2. Nos besoins journaliers en vitamine C



A l’heure d’aujourd’hui, les études se contredisent encore sur l’apport journalier conseillé en vitamine C. Selon le pays, l’apport nutritionnel recommandé (ANR) peut varier entre 40 et 120 mg par jour. 

Au Canada et dans de nombreux pays d’Europe, l’ANR en vitamine C est de 90 mg pour un homme adulte et de 75 mg pour une femme du même âge (En savoir plus). En France, les nutritionnistes recommandent un apport quotidien d’environ 110 mg de vitamine C pour un adulte. 

Une étude parue en juin 2012 dans la revue Critical Review in Food Science and Nutrition1 révèle cependant que l’apport journalier idéal serait de 200 mg. Ce ne serait qu’à partir de ce seuil que l’on pourrait pleinement profiter de ses bienfaits antioxydants et revitalisants. Les études s’accordent en revanche pour dire que les besoins en vitamine C des fumeurs doivent être plus importants (environ 35 mg supplémentaires). 

A noter : Il faut savoir que les risques de carence en vitamine C sont devenus très rares. Une carence peut cependant toujours apparaître si l’on en consomme moins de 10 mg par jour. Le scorbut, provoqué par une carence en vitamine C est le principal risque à encourir. 

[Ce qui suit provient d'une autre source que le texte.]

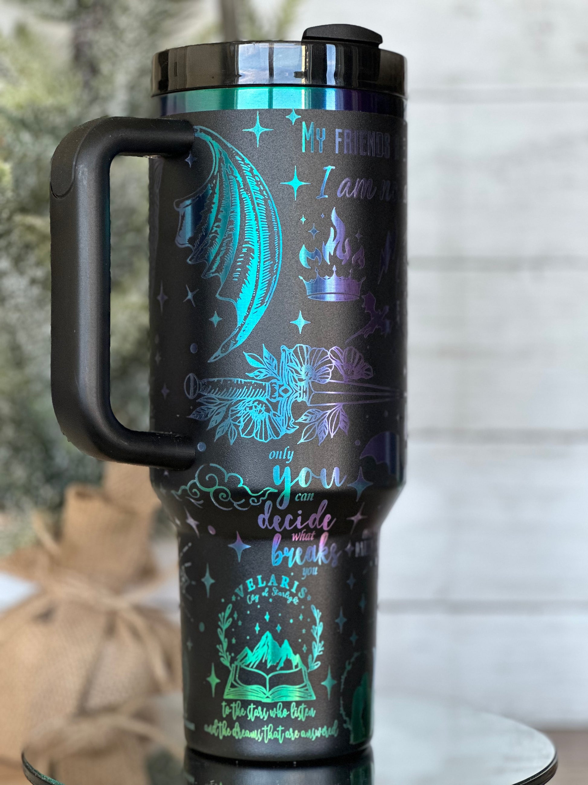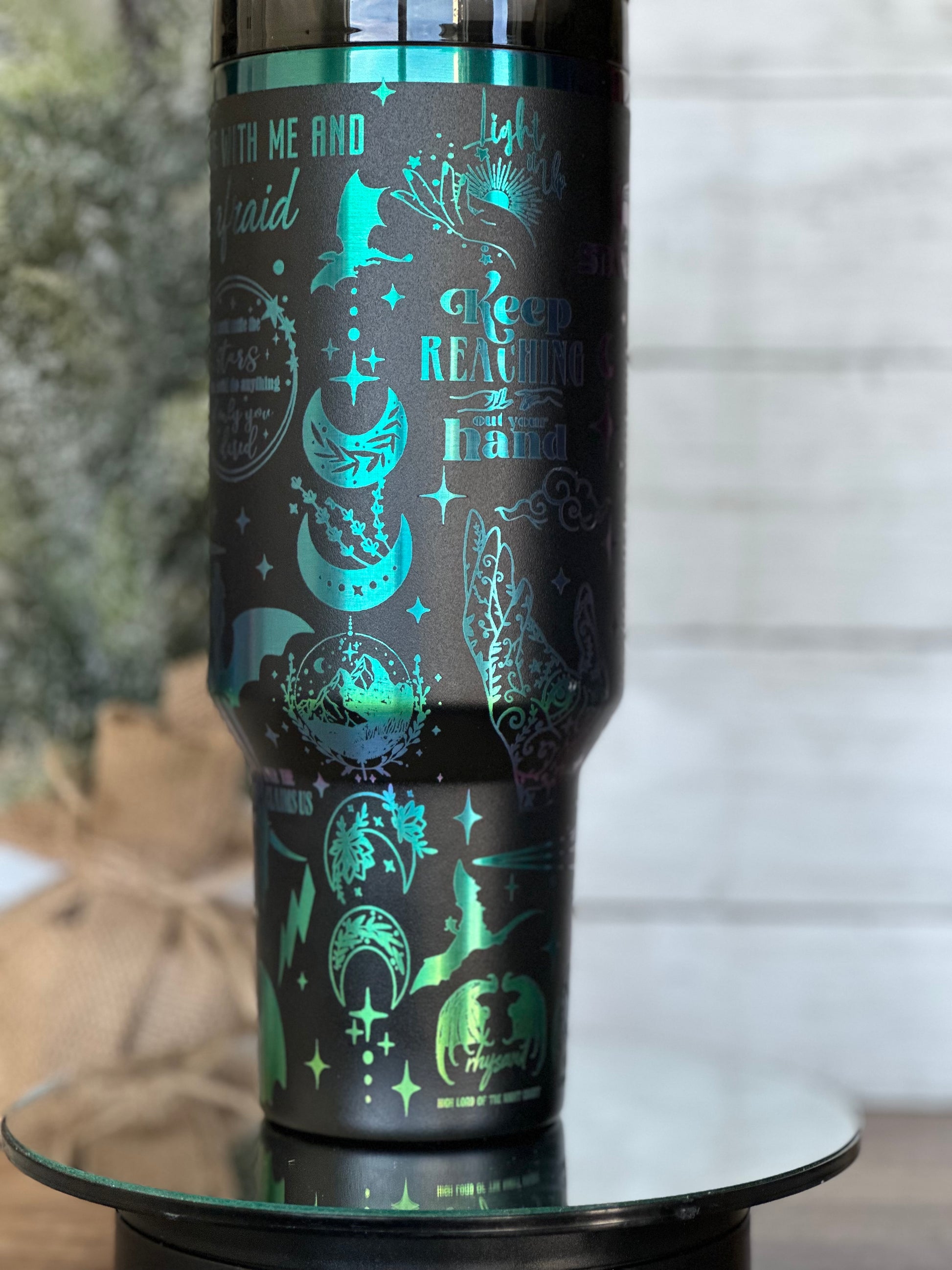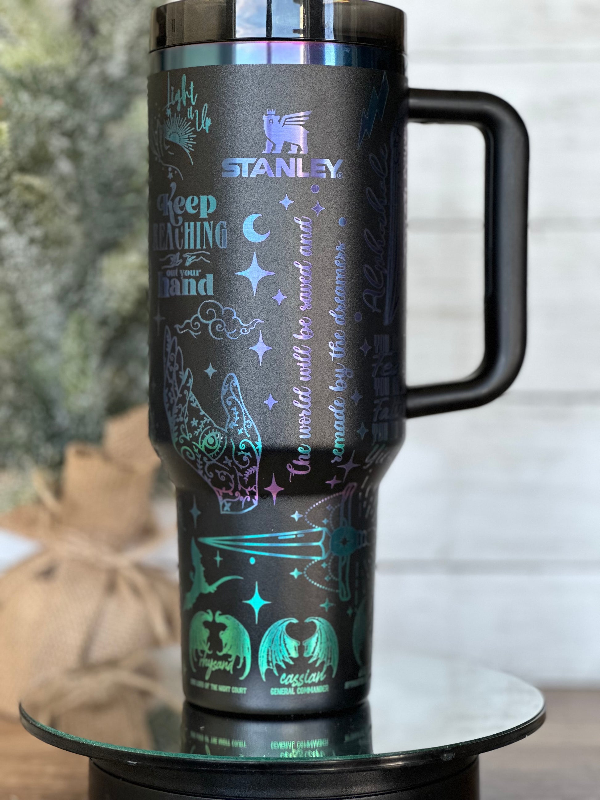 Bring magic, motivation, and style to your everyday hydration with this custom engraved Stanley 40oz Quencher Tumbler. Featuring iridescent fantasy-inspired artwork, empowering quotes, and celestial designs, this cup is perfect for fans of whimsical, bookish, and mystical aesthetics.
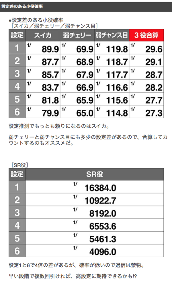 設定差のある小役確率のなかでは、スイカを要チェック。設定1と6で4倍の差があるSR役の確率にも注目だ。
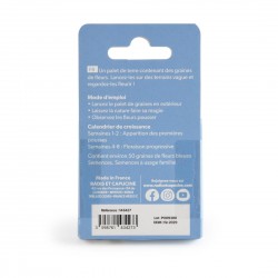 La terre de coco, une fois humidifiée, crée un environnement favorable à la germination des graines, qui donneront naissance à une floraison bleue intense et naturelle. Présentée dans une boîte brochable, cette plaquette est idéale comme cadeau original ou outil de sensibilisation à la végétalisation urbaine.
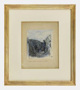 Les premières tranchées, aquarelle sur papier, monogrammée, signée et datée 14, 11x12 cm
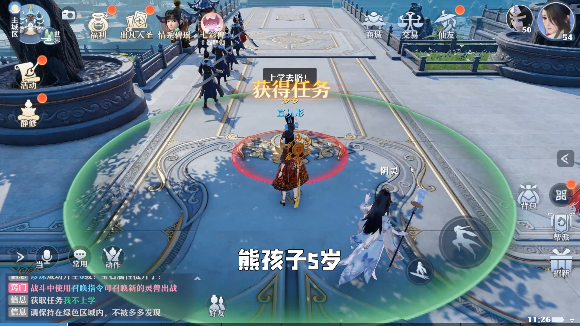 梦幻新诛仙:送熊孩子去上学真累,不仅要保护好他,还要捉独角仙
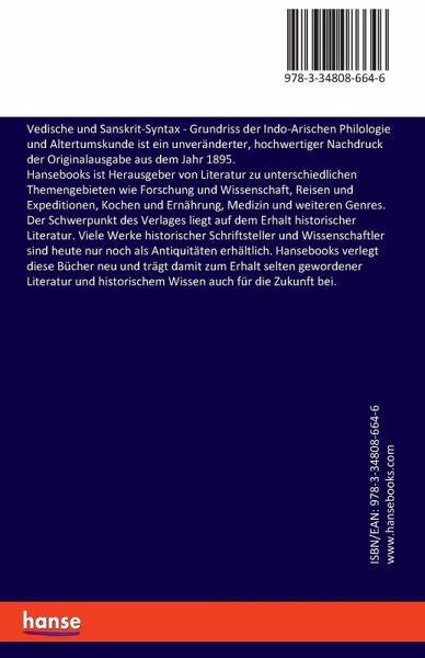 Vedische und Sanskrit-Syntax - Grundriss der Indo-Arischen Philologie und Altertumskunde ist ein unveränderter, hochwertiger Nachdruck der Originalausgabe aus dem Jahr 1895.Hansebooks ist Herausgeber von Literatur zu unterschiedlichen Themengebieten wie Forschung und Wissenschaft, Reisen und Expeditionen, Kochen und Ernährung, Medizin und weiteren Genres. Der Schwerpunkt des Verlages liegt auf dem Erhalt historischer Literatur. Viele Werke historischer Schriftsteller und Wissenschaftler sind heute nur noch als Antiquitäten erhältlich. Hansebooks verlegt diese Bücher neu und trägt damit zum Erhalt selten gewordener Literatur und historischem Wissen auch für die Zukunft bei.

3. Où trouver la vitamine C ?


Il n’est pas facile d’avoir un apport suffisant en vitamine C tout au long de l’année. On constate par exemple une augmentation des apports moyens envitamine C durant l’été grâce à la consommation de fruits et légumes frais. Il est néanmoins possible de trouver dans son alimentation un apport suffisant en vitamine C tout au long de l’année. 

Palmarès des 10 fruits et légumes contenant une bonne teneur en vitamine C pour 100 g : 

1. La cerise acérola = 1000 mg 
2. La baie d’églantier = 750 mg
3. La goyave = 240 mg
4. Le cassis = 200 mg 
5. Le poivron rouge = 190 mg
6. Le kiwi = 80 mg
7. Le chou de Bruxelles = 62 mg
8. La fraise = 60 mg
9. Le brocoli (cuit) = 60 mg
10. L’orange = 52 mg

4. Conserver la teneur en vitamine C des aliments


Comme tous les nutriments, la vitamine C est très fragile. A partir de 3 à 4 jours, on observe une déperdition de la teneur en vitamine C dans les fruits et légumes. Elle est sensible à la lumière, à l’air (oxygène), à la température et à la durée de cuisson. On dit aussi que la vitamine C est hydrosoluble, c’est-à-dire qu’elle se dissout dans l’eau. 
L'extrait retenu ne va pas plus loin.